Enclosed with the letter was a recent photo of Kawabata, who is now using the name Chie Takayanagi. Morness confirmed that the photo is his ex-wife.
Her photo was on an internal communication from Novo Nordisk Japan in 2018 announcing her appointment as vice-president of human resources. The company is a subsidiary of a Danish-based pharmaceutical company, which has 43,100 employees globally and 1,050 in Japan.
“Many of Novo Nordisk employees have big concerns about having a legally doubtful person as HR head of the company and doubt the board of director decision-making process and their accountability,” the letter says. “It is known in Japanese pharmaceutical industry because Chie was fired (by) Biogen and Merck for this family issue.”
Morness said he was aware that his ex-wife had worked at Biogen, but not Merck. He also didn’t know that she had left Biogen.

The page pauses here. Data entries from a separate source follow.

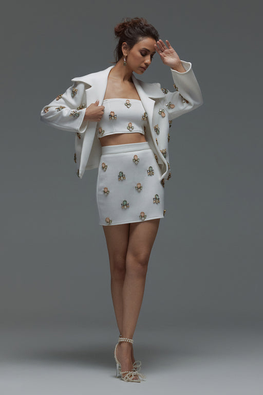 View full detailsA chic three-piece set featuring a structured jacket, crop top, and mini skirt, embellished with floral crystal motifs for a bold yet feminine stat...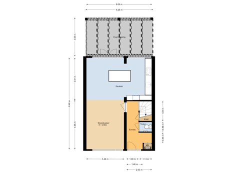 - 69 m² (11.00 metre deep and 6.26 metre wide)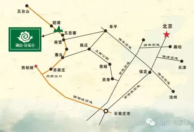 漫山花溪谷位于石家庄西北110公里太行深山区,西北距五台山50公里,西南距西柏坡40公里,海拔800-2150米,毗邻五岳寨国家森林公园,是驼梁景区的必经之地,全长12.8公里,总面积20平方公里,与五岳寨主峰相通相连。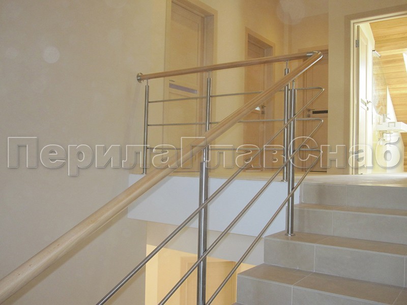 Три ригеля на сварке, квадратный деревянный поручень и круглые стойки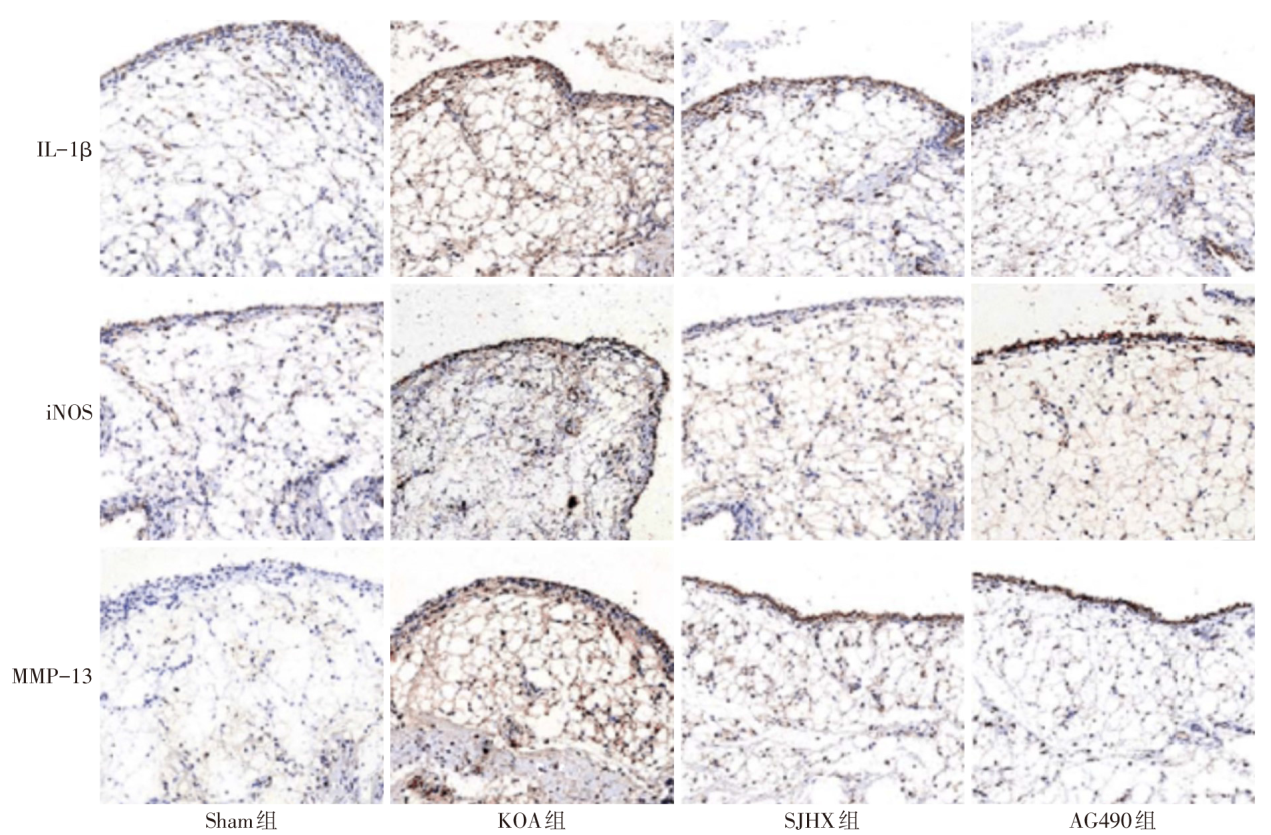 目的 探讨舒筋活血胶囊调控酪氨酸蛋白激酶2(JAK2)/信号转导及转录激活蛋白3(STAT3)信号通路对大鼠膝骨关节炎(KOA)的影响及其机制。方法 采用Hulth法制备大鼠KOA模型,将60只大鼠分为假手术组(Sham组)、KOA组、舒筋活血胶囊组(SJHX组)(472.5 mg/kg 舒筋活血胶囊灌胃)、AG490组(5.0 mg/kg的JAK2抑制剂AG490腹腔注射),每组15只。HE染色与番红O-固绿染色观察滑膜组织与软骨组织病理变化,酶联免疫吸附试验(ELISA)检测血清白细胞介素(IL)-10、IL-1β、肿瘤坏死因子α(TNF-α)水平,免疫荧光法检测M1/M2型巨噬细胞极化,免疫组化染色检测IL-1β、诱导型一氧化氮合成酶(iNOS)、基质金属蛋白酶(MMP)-13蛋白表达,Western blot检测JAK2/STAT3通路相关蛋白。结果 与Sham组比较,KOA组大鼠关节面不平整,滑膜组织与软骨组织结构破坏,病理评分增加,血清IL-1β、TNF-α水平明显升高,IL-10水平降低,滑膜组织IL-1β、iNOS、MMP-13、p-JAK2/JAK2、p-STAT3/STAT3表达水平及M1、M2型巨噬细胞、M1/M2比值升高(P<0.05);与KOA组比较,SJHX组与AG490组大鼠滑膜组织与软骨组织病理损伤减轻,病理评分降低,血清IL-1β、TNF-α水平降低,IL-10水平升高,滑膜组织IL-1β、iNOS、MMP-13、p-JAK2/JAK2、p-STAT3/STAT3表达水平及M1巨噬细胞、M1/M2比值降低(P<0.05)。结论 舒筋活血胶囊可通过抑制JAK2/STAT3信号通路激活,调节M1/M2巨噬细胞极化,改善KOA大鼠滑膜炎症状。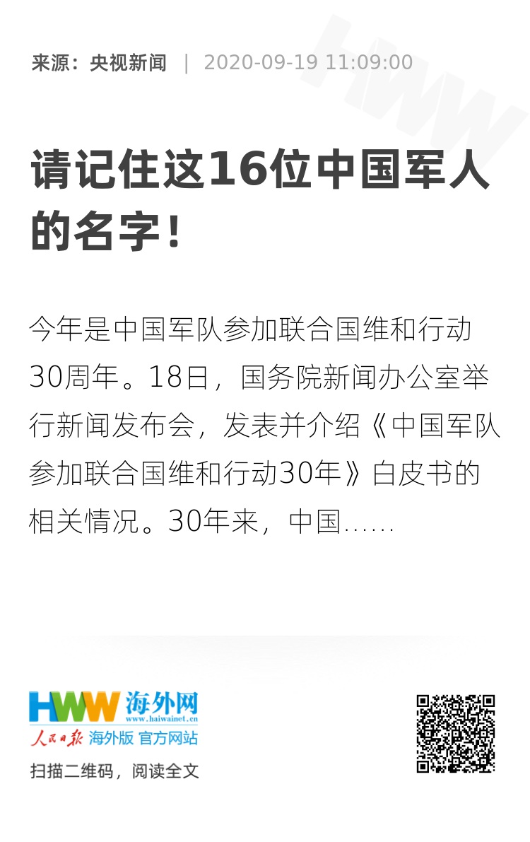 今年是中国军队参加联合国维和行动30周年。18日,国务院新闻办公室举行新闻发布会,发表并介绍《中国军队参加联合国维和行动30年》白皮书的相关情况。30年来,中国军队先后参加25项联合国维和行动,累计派出维和官兵4万余人次,16名中国官兵为了和平事业献出了宝贵生命。他们的名字已被写入《中国军队参加联合国维和行动30年》白皮书第39页。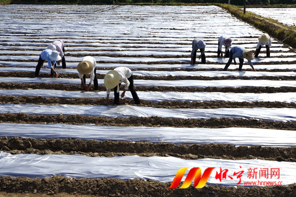 4月26日,雷埠乡李店社区村民在铺设地膜,准备种植小米辣。李店社区结银家庭农场发展小米辣椒40亩,预计年增收30万元以上,同时带动20多个村民常年在家门口就业增收。檀志扬 殷俊 摄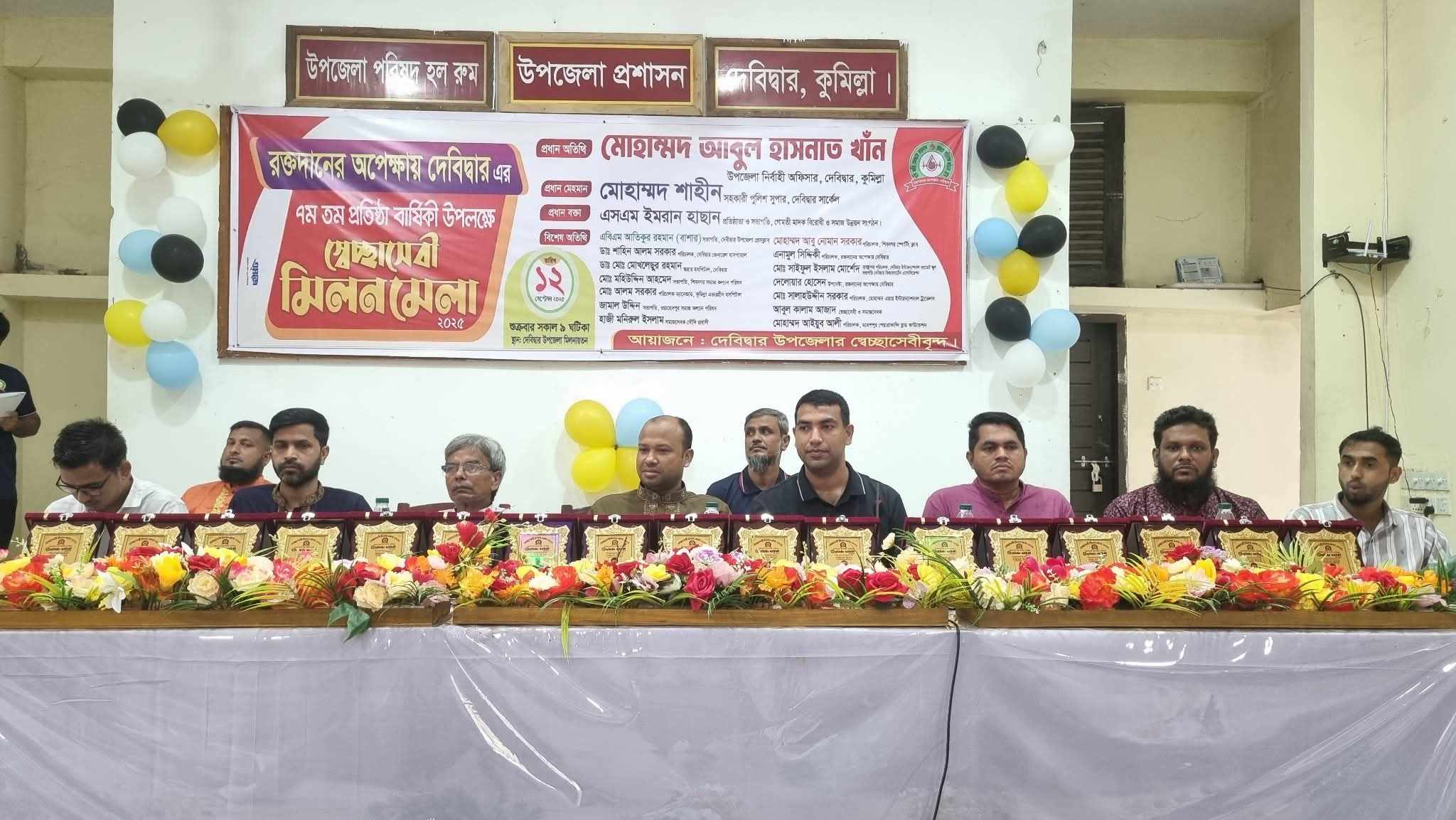 মো: তোফায়েল আহমেদ : রক্তদানের অপেক্ষায় দেবিদ্বার’ সংগঠনের সপ্তম প্রতিষ্ঠাবার্ষিকী উপলক্ষে রক্তদাতা স্বেচ্ছাসেবীদের মিলনমেলা অনুষ্ঠিত হয়েছে। শুক্রবার সকাল ১১টায় উপজেলা পরিষদ হল রুমে আয়োজিত এ অনুষ্ঠানে বিভিন্ন শ্রেণিপেশার মানুষ

The letter goes on to say, “As long as Chie Kawabata is present, Novo Nordisk will never win trust. They continue losing in brand reputation.”
It’s fair to conclude that the anonymous letter was written by a disgruntled employee, possibly even one who was passed over for the appointment.
While it raises the question of brand reputations being tarnished by individual employees, the more interesting questions are about the complicated heart-and-soul issues of globalization. How should multinational companies operate?